MOSCOW, March 21 - RAPSI. On Thursday the Tverskoy District Court of Moscow postponed until May 20 the prehearing of the defamation lawsuit filed by former Pussy Riot lawyers against Kommersant Publishers and lawyer Irina Khrunova, who represented one of the punk group members at the cassation stage, the court told RAPSI.
Lawyer Nikolai Polozov said they decided to file the suit after Kommersant published an article entitled "A punk prayer can take you to Strasbourg."
Mr. Polozov said that the group's former lawyers were portrayed in the article as incompetent for failing to send the necessary documents to the European Court of Human Rights in Strasbourg on time, while in fact the ECHR had accepted their complaint and even assigned it a number.
The lawsuit towards Khrunova stems from her statement in the article that read "when the defense team filed the first complaint (to ECHR), the court asked them to send additional documents, but they did not submit them to court, so the application hasn't been even considered for review".
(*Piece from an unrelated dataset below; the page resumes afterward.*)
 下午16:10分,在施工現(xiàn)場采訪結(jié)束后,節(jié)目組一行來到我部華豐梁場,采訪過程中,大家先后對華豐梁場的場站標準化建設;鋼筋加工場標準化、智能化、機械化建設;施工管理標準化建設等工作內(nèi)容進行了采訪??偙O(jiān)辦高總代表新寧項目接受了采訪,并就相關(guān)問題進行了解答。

The plaintiffs have asked the court to have the defendants publish a refutation and pay them damages: with Kommersant Publishers to pay 500,000 rubles ($16,160) to each and Khrunova to pay 50,000 rubles ($1,616) to each.
In late February 2012, five members of the Pussy Riot group wearing brightly colored balaclavas held what they called a "punk prayer" in the Christ the Savior Cathedral in Moscow. A video of their performance was later uploaded online and provoked a public outcry.
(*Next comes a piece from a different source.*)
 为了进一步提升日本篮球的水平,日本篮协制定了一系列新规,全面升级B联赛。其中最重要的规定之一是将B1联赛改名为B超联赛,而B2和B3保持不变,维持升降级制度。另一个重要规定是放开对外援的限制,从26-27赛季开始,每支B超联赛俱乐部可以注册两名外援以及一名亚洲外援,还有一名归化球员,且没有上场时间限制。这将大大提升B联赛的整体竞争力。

Police detained Maria Alyokhina, Nadezhda Tolokonnikova and Yekaterina Samutsevich. On August 17, 2012, the Khamovnichesky District Court in Moscow sentenced them to two years in prison for hooliganism.
On October 10, 2012, the Moscow City Court changed Samutsevich's verdict to a suspended sentence and released her immediately, based on her new attorneys' argument that she was seized by security guards prior to reaching the altar and therefore did not actually take part in the performance.
Alyokhina's and Tolokonnikova's sentences were upheld.